Geological Survey of India (GSI), during field season 1993-94, carried out detailed study of the north Singhbhum shear zone, in Jharkhand State, with a view to establishing mineral potential including rare earth elements (REE). The results obtained, being not encouraging, similar study in parallel north Purulia shear zone, which is also known as Jhalda shear zone is to be taken up. It extends westward in Ranchi district and is associated with apatite and magnesite mineralization. Recently, some carbonatites with high REE values are reported from this shear zone in West Bengal in India.

In the course of specialized thematic mapping of Chota Nagpur gneissic complex in parts of West Bengal, a few rare metal pegmatites bodies have been identified .Chemical data of these samples show high cesium (1.72 to 13.73%), rubidium (0.27 to 0.33%) and lithium (0.07 to 1.36%).

The world reserve base in terms of rare earth oxides content is estimated at 110 million tones. Although a certain degree of rare earth’s processing exists in a number of countries, the industry is dominated by a few main players like USA, France, Japan and China.

Mineable concentrations of source elements of the rare earth group of metals are uncommon. Bastnaesite is mined extensively in China and the USA. Monazite is recovered largely as a by-product of processing heavy mineral sands in various parts of the world, primarily Australia and India.

Among the inland placer deposits containing heavy mineral, there are two appreciable concentrations of monazite, which are located in Ranchi plateau of Jharkhand and the Purulia planes of West Bengal in India. These occurrences cover an area of about 608 km2 , forming a thin cover of an average depth of about 50 cm (which may be locally up to 2 m).
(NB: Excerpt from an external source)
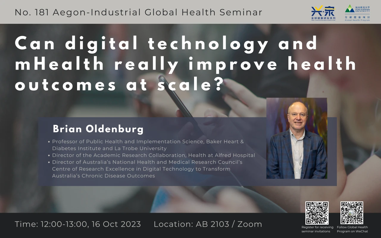 Brian Oldenburg is Professor of Public Health and Implementation Science at the Baker Heart & Diabetes Institute and La Trobe University in Melbourne, Australia. He is the Director of the Academic Research Collaboration in Health at Alfred Hospital, a top university teaching hospital in Melbourne. He is also Director of Australia’s National Health and Medical Research Council’s Centre of Research Excellence in Digital Technology to Transform Australia’s Chronic Disease Outcomes. He specialises in changing health behaviours and the prevention and management of chronic conditions in many countries around the world, particularly in countries in Asia. He has pioneered many technology platforms and digital health solutions to improve chronic disease outcomes. He is also a global expert in implementation research. His research has been continuously funded for more than 40 years.

These deposits have been formed due to the weathering and erosion of Precambrian gneisses and schists, intruded by pegmatites and porphyritic granits, which are rich in monazite and other associated heavy minerals.
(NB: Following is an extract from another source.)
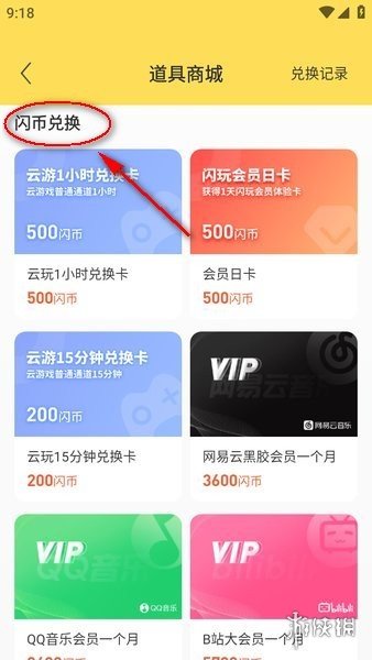 最后,您可以通过点击右上角进入“道具商城”,并在下拉菜单中找到“闪币兑换”,使用累积的闪币来兑换“会员卡”。

The rare earths are constituents of more than 100 minerals, but only few are recovered. Bastnaesite, monazite, xenotime and rare earth-bearing clays are the principal sources of rare earth supply in the world.

REE are strategic resources upon which entire nations are built. In many ways, they are similar to rubber -- a resource so valuable and important to the world that many experts call it the "fourth most important natural resource in the world," right after water, steel and oil. Without rubber, you couldn't drive your car to work or water your lawn. Many medical technologies would cease to work and virtually all commercial construction would grind to a halt.

1 comment:

Anonymous said...

The article on REE prospects in Jharkhand seems to be very promising for the good future, but for whom? The discovery of these REE will attract miners/ mine mafias more to Jharkhand. I fear the locals will have to leave their remaining lands. It kept happening so for past 100 years since the Tatas made their factory. Who will think of the environment, jungle, ecology. Are the REEs important than the environment, are the REEs important than the people? Why should we benefit western countries?